This exhibit is a good mechanical metaphor for Marie's newly hardened mercenary bent, and sense of self-protection. Her experience at the hands of Philipstal had been a harsh lesson about unscrupulous exploitation of her earning power, and that and the slow-drain dependency of her husband on her financial resources seem to have led to a hardening resolve to be autonomous.

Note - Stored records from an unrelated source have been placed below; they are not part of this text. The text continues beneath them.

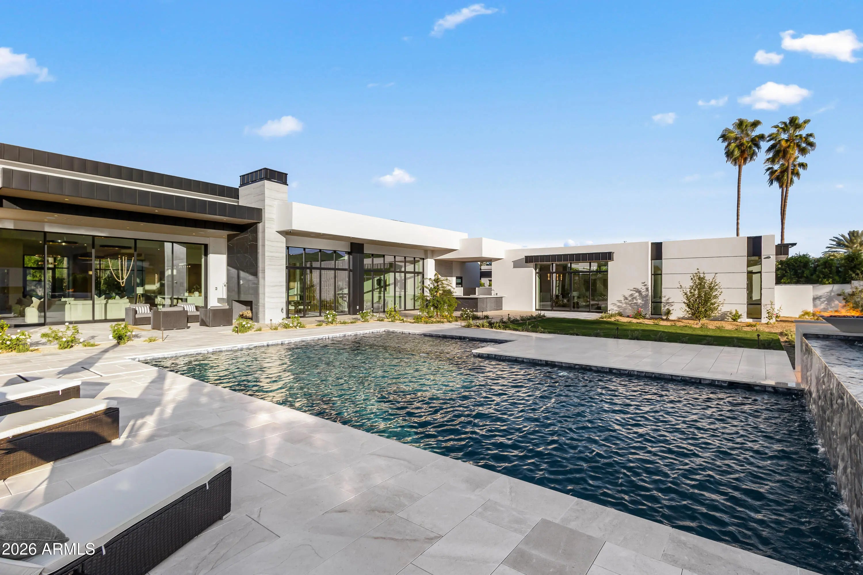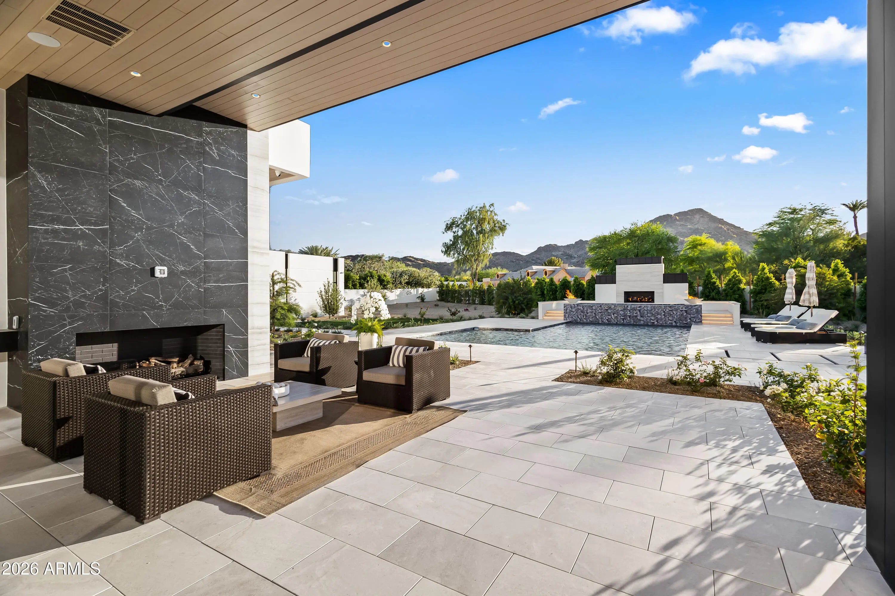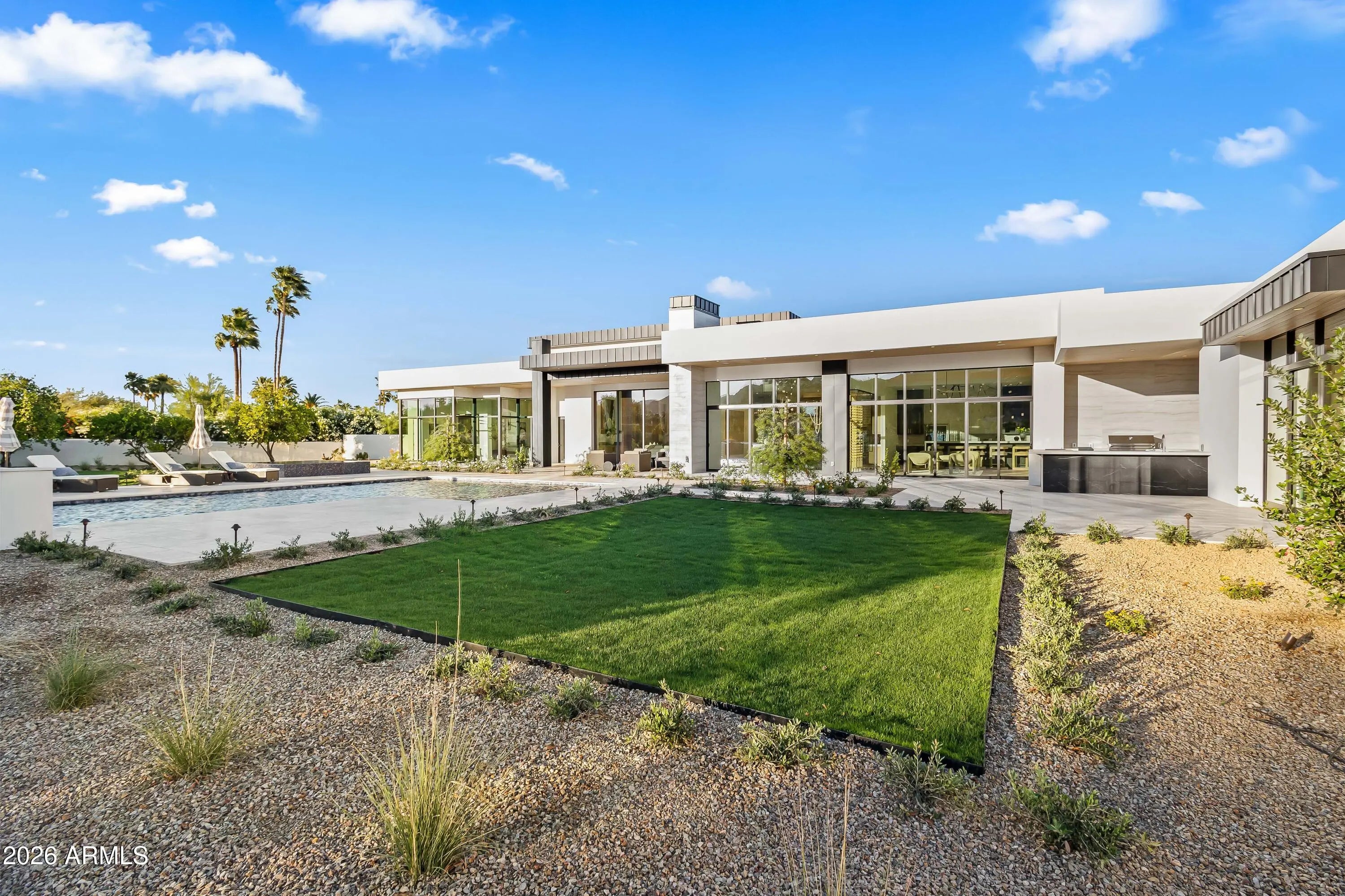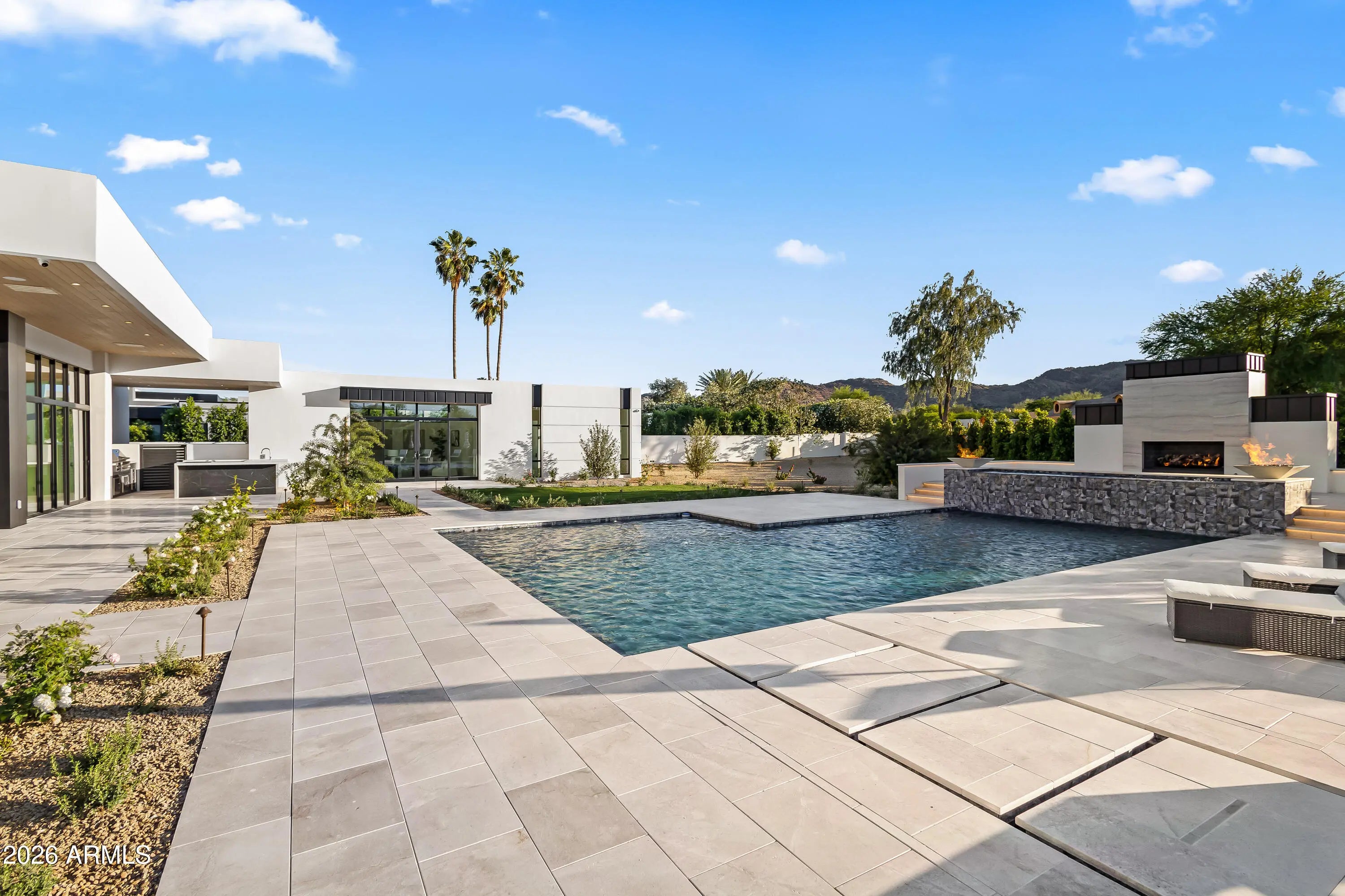 Newly completed architectural masterpiece showcasing breathtaking Mummy Mountain views in the heart of Paradise Valley. Situated on an expansive 1+ acre lot within the prestigious Camelback Country Club Estates, this exceptional single-level estate offers refined desert luxury and seamless indoor-outdoor living. The main residence features 4 spacious bedrooms and 6 spa-inspired bathrooms, complemented by a private 1 bed/1 bath guest casita complete with its own kitchen and living area--ideal for guests or multigenerational living. Designed for both grand entertaining and everyday comfort, the open-concept floor plan includes a stunning great room, formal dining area, and elegant living room anchored by a dramatic marble fireplace. The chef's kitchen is a true centerpiece, featuring dual oversized islands, a breakfast nook, and a fully equipped butler's pantry. The luxurious primary suite offers a private sitting area, direct access to a serene courtyard, an adjoining fitness room, and a spa-like bath with an expansive walk-in closet complete with in-suite laundry. Resort-style outdoor living includes a custom heated pool and spa, outdoor fireplace, fully equipped kitchen with island, and multiple lounge and entertaining spaces surrounded by mountain views. Additional highlights include a private office with custom built-ins, a game room with a striking glass wine wall and full wet bar, and a 4-car garage. Ideally located just minutes from top-rated schools, world-class resorts, fine dining, upscale shopping, and entertainment.
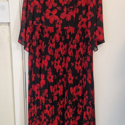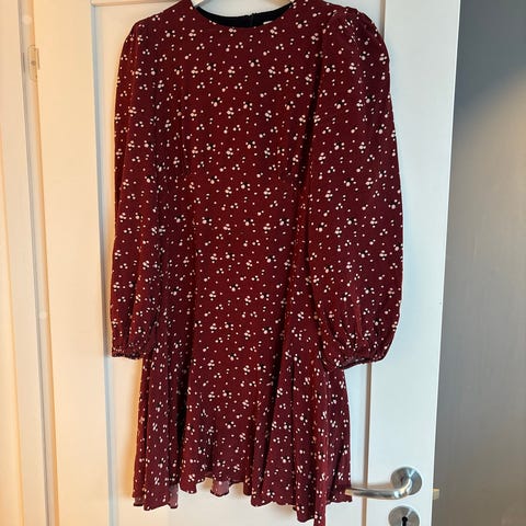 Kjole fra NORR i str M. Kjolen er mørk blå og rød/oransje . Knapper foran, volanger og fastsydd underkjole.
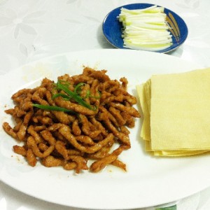 锅中留少量油,放入甜面酱的白糖炒出糖色,最后放入肉丝翻炒起锅。
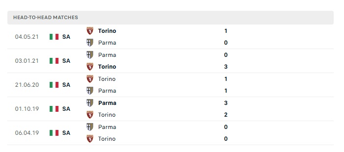 - Kèo tỷ số H2 Torino vs Parma: 2-1
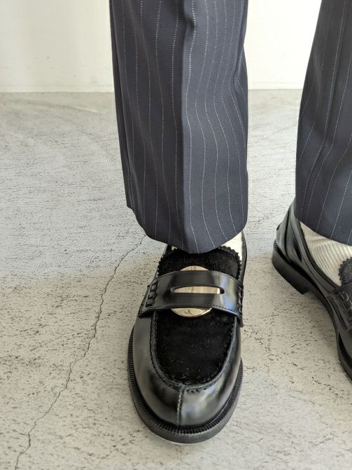 ヒップ下から膝上までに僅かなゆとりを持たせ、膝から裾にかけてすっきりとしたストレートラインに仕上げられたシルエットは、細見え&脚長効果があります。
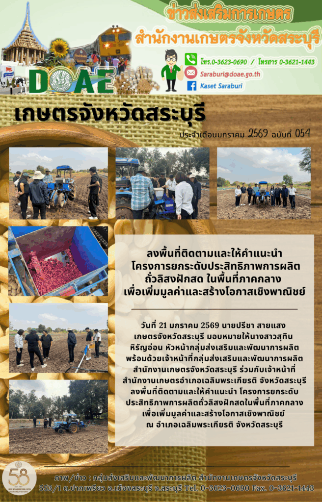 วันที่ 21 มกราคม 2569 นายปรีชา สายแสงเกษตรจังหวัดสระบุรี มอบหมายให้นางสาวสุทิน หิรัญอ่อน หัวหน้ากลุ่มส่งเสริมและพัฒนาการผลิต พร้อมด้วยเจ้าหน้าที่กลุ่มส่งเสริมและพัฒนาการผลิต สำนักงานเกษตรจังหวัดสระบุรี ร่วมกับเจ้าหน้าที่สำนักงานเกษตรอำเภอเฉลิมพระเกียรติ จังหวัดสระบุรี ลงพื้นที่ติดตามและให้คำแนะนำ โครงการยกระดับประสิทธิภาพการผลิตถั่วลิสงฝักสดในพื้นที่ภาคกลาง เพื่อเพิ่มมูลค่าและสร้างโอกาสเชิงพาณิชย์ ณ อำเภอเฉลิมพระเกียรติ จังหวัดสระบุรี

One of her early letters from Edinburgh had highlighted her disadvantaged position in her partnership with Philipstal: ‘His business is in a bad way, and he has only my Cabinet on which to rely.' Resentment had crystallized into outright animosity, and this seems also to have tainted her perception of her husband. By the time she reached Ireland she had discovered her own capability, and she realized she wanted to be accountable to no one, but to make enough money so that her children could count on her for their future security. This feeling was reinforced by the realization that, in François, her children were missing a reliable provider. She would take on this responsibility. Like the Self-Defending Money Chest, from here on she would fiercely protect her assets, and no one and no circumstances would sway her resolve or deplete her reserves.

In Ireland Marie's trail becomes obscured. There is a hiatus in correspondence, and the irregularity of her letters precludes precise calibration of her fluctuating feelings towards her husband. But the significance of the backdrop of war should not be underestimated. Post took far longer, putting even more strain on long-distance communication, and ports were closed. In this context, what appear to be inconsistencies in Marie's intentions expressed to her family in
sporadic bulletins make more sense. After what had sounded like a declaration of intent to secure her children's future financial position by remaining abroad and touring with the exhibition, a later letter from Dublin dated 27 June 1804 makes a non-specific reference to her return to Paris: ‘When I return let there be no reproaches.' Her vagueness is not straightforward ambivalence: to a large degree the decision to return to Paris was out of her hands–she was stranded by the conflict. In the same letter Marie advises her husband of her new address in Dublin, and yet, while this suggests open lines of communication, this is the last letter she is known to have written to him.

The four years she was to spend in Ireland were an important watershed. This period (1804–8) sees her shedding all vestiges of victimhood, getting even with Philipstal, asserting her authority from afar with her husband, and asserting her own credibility as a commercial artist. Like someone whose life is changed by religion, in Ireland Marie's fervour is directed to self-sufficiency and independence, which from now on would be the tenets of her life.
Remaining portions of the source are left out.